DFormer: Diffusion-guided Transformer for Universal Image Segmentation

Hefeng Wang,Jiale Cao,Rao Muhammad Anwer,Jin Xie,Fahad Shahbaz Khan,Yanwei Pang
2023-06-08
Abstract:This paper introduces an approach, named DFormer, for universal image segmentation. The proposed DFormer views universal image segmentation task as a denoising process using a diffusion model. DFormer first adds various levels of Gaussian noise to ground-truth masks, and then learns a model to predict denoising masks from corrupted masks. Specifically, we take deep pixel-level features along with the noisy masks as inputs to generate mask features and attention masks, employing diffusion-based decoder to perform mask prediction gradually. At inference, our DFormer directly predicts the masks and corresponding categories from a set of randomly-generated masks. Extensive experiments reveal the merits of our proposed contributions on different image segmentation tasks: panoptic segmentation, instance segmentation, and semantic segmentation. Our DFormer outperforms the recent diffusion-based panoptic segmentation method Pix2Seq-D with a gain of 3.6% on MS COCO val2017 set. Further, DFormer achieves promising semantic segmentation performance outperforming the recent diffusion-based method by 2.2% on ADE20K val set. Our source code and models will be publicly on <a class="link-external link-https" href="https://github.com/cp3wan/DFormer" rel="external noopener nofollow">this https URL</a>
Computer Vision and Pattern Recognition
What problem does this paper attempt to address?

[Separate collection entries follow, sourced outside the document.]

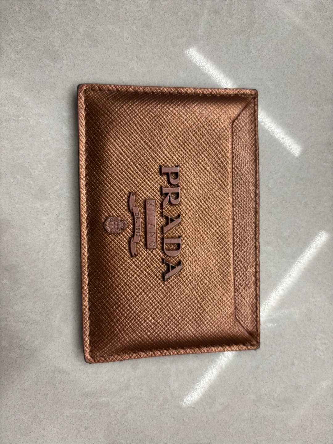 Selling a Prada card holder in a beautiful bronze colour. It's in great condition and perfect for carrying your essential cards. Comes with the box so a perfect gift for the holidays!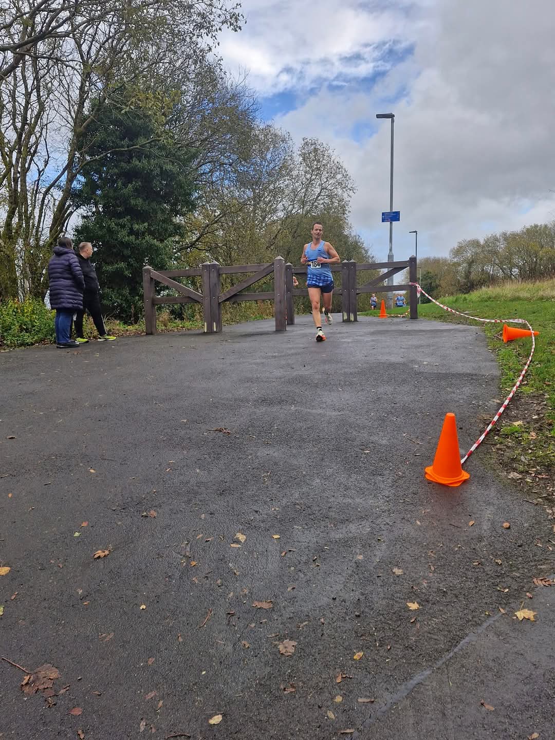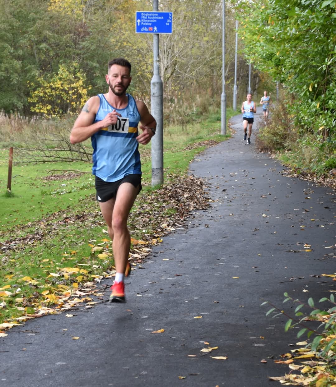 The race kicked off at 2pm with some worried about getting lost but Race Director Extraordinaire , John Stevenson, had ensured a crack team of volunteers were ready to guide runners round the course with ease. Saturday’s unsung hero award goes to William Taylor, who fresh from volunteering Greenock parkrun, grabbed his brush and set about clearing many of the gathered leaves on the cycle track that potentially could have been a hazzard. Many thanks William, a fantastic gesture which is greatly appreciated by your fellow Harriers. It truly was a family affair as William’s family joined in as marshalls on the day.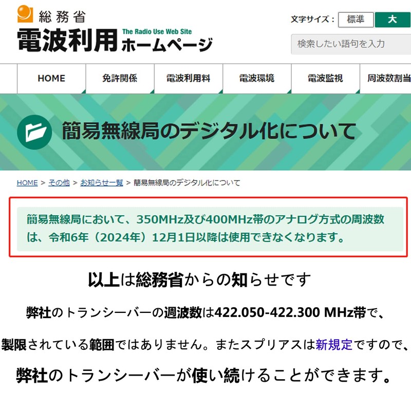 Transmitting / receiving frequency band: 422.050 - 422.300 MHz (12.5 kHz step).

The problem that this paper attempts to solve is to design an effective Transformer method based on the diffusion model to achieve competitive general - purpose image segmentation performance. Specifically, existing image segmentation methods are usually optimized for specific tasks and are difficult to be effectively generalized to different image segmentation tasks. Therefore, the paper proposes DFormer, which is a diffusion - guided Transformer framework for general - purpose image segmentation. DFormer views image segmentation as a process of generating from noise masks. During the training process, noise masks are generated by adding different levels of Gaussian noise to the real - label masks, and then the Transformer decoder is used to predict the real - label masks from the noise masks. In the inference stage, DFormer directly predicts masks and their corresponding classes from a set of randomly generated noise masks. Through this method, DFormer aims to overcome the problem of insufficient generalization ability of existing methods among different image segmentation tasks, thereby achieving consistent performance improvements in multiple tasks such as panoptic segmentation, instance segmentation, and semantic segmentation. Experimental results show that DFormer outperforms the recent diffusion - model - based panoptic segmentation method Pix2Seq - D by 3.6% in the panoptic segmentation task on the MS COCO validation set, and outperforms the recent diffusion - model - based method by 2.2% in the semantic segmentation task on the ADE20K validation set. This indicates that DFormer has advantages not only in performance improvement but also in parameter efficiency and training efficiency.